Interestingly, although these toxins belong to widely different chemical classes, the anaerobic bacteria that degrade and modify these compounds are found in the same bacterial phylum, Synergistota. This phylum of bacteria shares phenotypic characteristics including a gram-negative type of cell wall, anaerobic lifestyle, and rod/vibrioid cell shape (Fig. 3). Most Synergistota are asaccharolytic, but all share the ability to ferment amino acids (9).
… This mini review explores the role of rumen bacteria within the Synergistota phylum, particularly their ability to detoxify harmful compounds such as mimosine and fluoroacetate in plants consumed by ruminants. Also presented are historical events that led to the discovery of rumen Synergistota species and some controversies regarding their role in reducing plant toxicity in ruminants, including overall low abundance in the rumen, limitations of analytical procedures for detecting dihydroxypyridone (DHP), strain-to-strain variation, and possible loss of activity in conditions where substrates are absent or at low concentrations.
SYNERGISTOTA BACTERIA
The Synergistota phylum has an interesting taxonomic history. The phylum was named after the first species isolated, Synergistes jonesii, which originated from the rumen of a goat (10). Within the phylum, there is a single class Synergistia and one order (Synergistales) containing 22 genera as representatives of eight families (Acetomicrobiaceae, Aminiphilaceae, Aminobacteriaceae, Dethiosulfovibrionaceae, Synergistaceae, Thermovirgaceae, and two yet to be named families) (13). A phylogenetic tree of Synergistota genera based on near full-length 16S rRNA gene sequences is shown in Fig. 4. Synergistota are found in a wide range of anaerobic habitats, including animal and insect gastrointestinal tracts, wastewater treatment systems, soils, and oil wells, and they have also been implicated in opportunistic pathogenic diseases. They are usually present as a minor population (<1%) in these ecosystems (14). Despite this habitat diversity, isolates bear a striking physiological resemblance to one another in that they all ferment amino acids rather than carbohydrates and have the highest average proportion of amino acid transport and metabolism genes in any bacterial phylum to date (15–17).\One possible explanation for this apparent physiological uniformity is that members of the Synergistota have diversified by exploiting the same type of metabolic niche (generalized amino acid fermentation) in different environments. The few cultured isolates from the phylum also display differing abilities to use secondary plant compounds (hydroxypyridone, FA) as electron acceptors to facilitate fermentation of amino acids, which are their primary carbon source (10, 11). An uncultured Synergistes sp. L4M2 (clone 196.B09) from an enrichment of ovine rumen fluid was also identified as a bacterium that may be able to detoxify hepatotoxins from the pyrrolizidine alkaloid family (22).

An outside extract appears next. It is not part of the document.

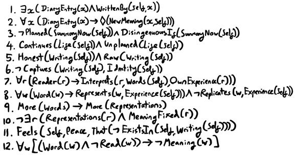 I wrote a lot of words, a lot of entries, a lot of times when looking back at them, I was pleasantly surprised to find something in the words that I didn’t see before.1. ∃x(DiaryEntry(x)∧WrittenBy(Self,x))2. ∀x(DiaryEntry(x)→ ◊(NewMeaning(x,Self)))I think writing a summary for it now would be too disingenuous, like I’d planned it all out ready to give you a final punchy conclusion. The truth is, I can’t, because my life will continue existing unplanned outside of what was written.3. ¬Planned(SummaryNow(Self))∧DisingenuousIf(SummaryNow(Self))4. Continue(Life(Self))∧Unplanned(Life(Self))I wrote these words with honesty and left them as raw as I could. Yet, within the writing constraints of staying authentic and real, you’re still unable to find me, the real me, in the very descriptions of what was meant to be described. Because I will always fail to recreate the landscape that I see in front of me. Maybe it’s because I only used watercolours, maybe it’s because I can’t paint as well as I used to.5. Honest(Writing(Self))∧Raw(Writing(Self))6. ¬Captures(Writing(Self),Identity(Self))But the truth is, the words you see don’t map onto my experience. They map onto yours! This story is your story, your interpretation of the words, it always was and always will be.7. ∀r(Reader(r)→Interprets(r,Words(Self),OwnExperience(r)))The image in your mind and how it differs from mine remains unknowable, locked away by the fact that words are merely representational; shadows on a cave wall, a small fin of a large fish protruding above the water.8. ∀w(Word(w)→Represents(w,Experience(Self)))∧¬Replicates(w,Experience(Self))The key to the lock isn’t more precision and elaboration of what you meant. It’ll just be more words afterall, more words explaining representations in terms of more representations. How silly that would be.9. More(Words)→More(Representations)10. ¬∃r (Representations(r) ∧ MeaningFixed(r))Although to me, there’s a kind of solace in knowing that I don’t exist in these entries. It feels like there is no ownership, no infringement on somebody. I can do what I like with them!11. Feels(Self,Peace,That(¬ExistsIn(Self,Writing(Self))))Words remain meaningless if nobody is there to read them. What a shame it would be if only I were to get to enjoy all these pleasant surprises.12. ∀w[(Word(w)∧¬Read(w))→¬Meaning(w)]

In the rumen, two genera (Pyramidobacter and Synergistes) belonging to the Synergistaceae family, and Cloacibacillus and a clade named TG5, both belonging to the family Dethiosulfovibrionaceae, have been identified in multiple ruminant species including sheep, goats, cattle, and deer (12, 23). In the global rumen census of ruminants, only Pyramidobacter and clade TG5 were identified as minor rumen populations (<1%), and the Synergistaceae were not reported, presumably due to the depth of pyrosequencing of samples (23). Synergistota bacteria also appear to represent a small proportion of the bacteria that colonize the rumen epithelium (24). We have observed in cattle and goats from Australia and Thailand, respectively, that Pyramidobacter and the TG5 clade are consistently the dominant Synergistota, while members of the Synergistaceae (Synergistes sp. and Cloacibacillus sp.) are minor populations. In rumen batch cultures, the abundance of the Synergistota phylum increased substantially from 0.1% to 4.6% in response to ginkgo plant extract (containing alkyl phenols), and Pyramidobacter was the dominant member (25).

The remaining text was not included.